Digital agriculture increasingly relies on data from satellites, drones, IoT sensors, and laboratory analyses to support more sustainable farming practices. These technologies provide unprecedented insight into crops, soils, and water systems, but their true value lies in turning complex data into guidance that farmers can understand, trust, and act upon. Explainable Artificial Intelligence (XAI) is therefore essential to ensure that digital tools genuinely support informed decision-making rather than adding further complexity.

Within the UNIVERSWATER project, advanced decision-support tools are being developed to help farmers make informed choices on fertiliser use, pest activity prediction, and irrigation management. These tools integrate heterogeneous data sources, including Earth Observation imagery, in-situ measurements, and IoT sensors— in order to assess current soil and water conditions and anticipate future risks related to nutrient leaching, pest pressure, and water quality. Rather than operating as opaque “black boxes”, Explainable AI approaches clarify how recommendations are produced at field level, showing which factors, such as soil nutrient status, weather conditions or the quality of water used for irrigation, drive specific suggestions and how alternative actions could influence outcomes.

By linking advanced analytics with environmental domain knowledge, UNIVERSWATER ensures that data-driven insights remain practical, robust, and trustworthy, even under changing climatic conditions. Within this effort, the University of Western Macedonia (UOWM), under the scientific coordination of Prof. Malamati Louta leads the Greek use case in the Small Prespa lake of Greece. The Use Case focuses on advancing explainable AI approaches that make machine learning model outputs transparent and interpretable for decision support. UOWM applies feature-attribution methods, such as SHapley Additive exPlanations (SHAP), to reveal how different data inputs contribute to each recommendation, enabling farmers and stakeholders to understand not only what action is suggested, but also why it is recommended.
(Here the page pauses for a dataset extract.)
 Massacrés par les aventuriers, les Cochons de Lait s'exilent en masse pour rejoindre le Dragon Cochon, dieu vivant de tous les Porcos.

This work ensures methodological accuracy and strongly aligns with real farming and water-management needs. The integration of explainability into decision-support tools for fertiliser application and water quality management allows UOWM to align AI-driven recommendations with real farming practices, strengthening trust in digital tools and supporting more sustainable and evidence-based agricultural decision-making.